BANGALORE – Obesity's new-found status as a disease is pushing many small drugmakers to develop treatments and grab a slice of a huge untapped market with enough room for several drugs, each of which could bring in annual sales of more than $1 billion.
“Over the last several years, there has been more and more of a shift in public thinking towards obesity as not simply a failure of will or character, but also as a disease,” Robins Group analyst Ruthanne Roussel said.
In spite of some high-profile failures, a number of weight-loss drugs are in advanced stages of development, such as Orexigen Therapeutics Inc's Contrave and Empatic, Vivus Inc's Qnexa and Arena Pharmaceuticals Inc's lorcaserin – all with the potential to become a blockbuster.
“Because each patient is a little different, some drugs work better for some patients than others. So I can see this market being very fruitful for a number of competitors,” Cowen and Co analyst Phil Nadeau said.
And the number of potential patients is significant. By 2015 about 2.3 billion adults worldwide will be overweight and more than 700 million will be obese, according to the World Health Organization.
Currently the marketplace has only a few drugs, such as Abbot Laboratories Inc's Meridia, Roche Holding SA's Xenical and generic phentermine, which are prescribed for obesity. But their benefits are often overridden by a slew of possible side effects.

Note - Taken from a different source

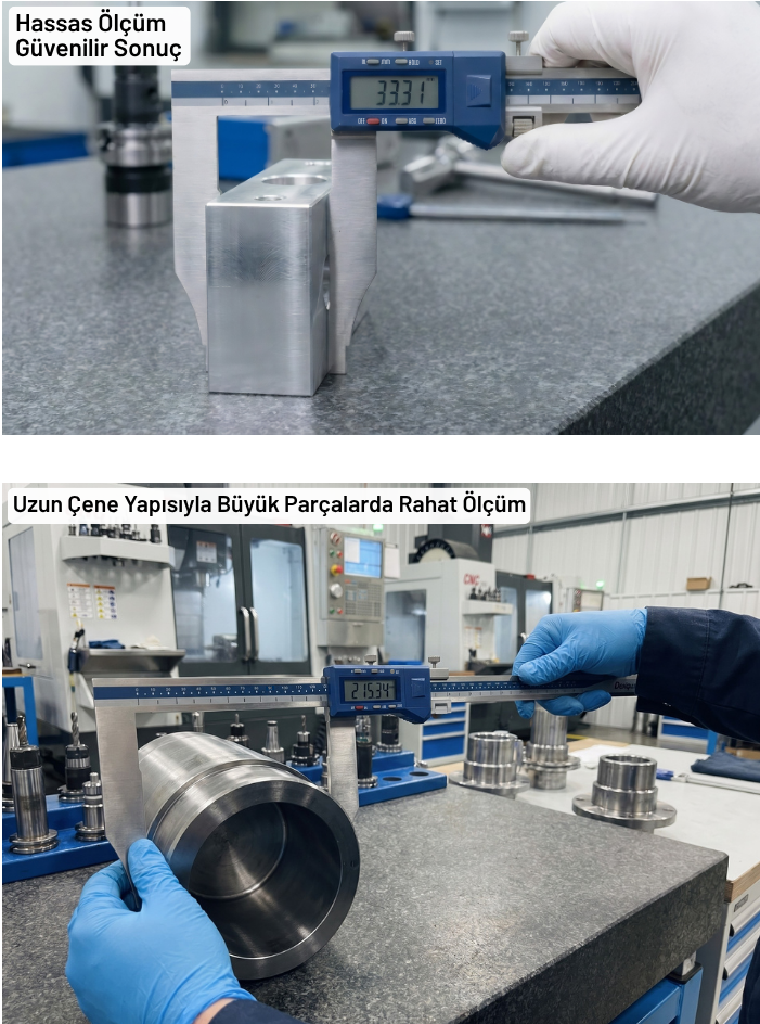 - Uzun çene tasarımı, geniş veya derin erişim gerektiren parçalarda ölçüm noktasına daha kontrollü ulaşılmasına yardımcı olur. Standart çeneli modellere göre büyük ebatlı iş parçalarında kullanım avantajı sağlar.

“There are things that are out there but it seems like it should be possible to get a product on the market that combines and improves on what's out there,” Robins Group's Roussel said.
But history does not favor drugs targeting obesity.
Wyeth's notorious fen-phen, linked to deadly side effects, cost the company billions in legal costs after it was withdrawn in 1997.
Both Pfizer Inc and Merck & Co have ended development of their respective obesity drugs. These sought to work by blocking cannabinoid receptors in the brain – the same receptors that make people hungry when smoking marijuana.
These drugs were in the same class as Sanofi-Aventis' rimonabant, which is yet to clear regulatory hurdles in the United States due to concerns about its psychiatric side effects, including depression.
Given the failures surrounding drugs targeting cannabinoid receptors, Orexigen, Vivus and Arena are trying a different approach.
These companies' drugs stimulate the part of the brain that controls appetite and metabolism, to reduce hunger while increasing energy expenditure.
“We think that (Orexigen's) Contrave has the highest chance of successful approval of any of the current late-stage obesity therapies, given its safety and efficacy profile,” Canaccord Adams analyst Adam Cutler said in August.
The drug is a combination of anti-depressant bupropion and naltrexone, which is used to treat various addictive disorders.
“(Naltrexone) has been shown to make foods, particularly sweet foods, taste less palatable and pleasurable... Naltrexone appears to best complement bupropion by blocking metabolic compensation mechanisms that prevent sustained weight loss,” Cutler said.
The approval of drugs being developed by Orexigen, Vivus and Arena may draw the attention of bigger companies that have failed in their pursuit of a weight-loss drug.
“I think that it is certainly logical that a promising obesity drug has a lot of what big pharma is looking for,” Canaccord Adams' Cutler said.
A good weight-loss treatment has blockbuster potential, some synergy with other large therapeutic categories and a fair amount of overlap with cardiovascular and diabetes drugs, he said.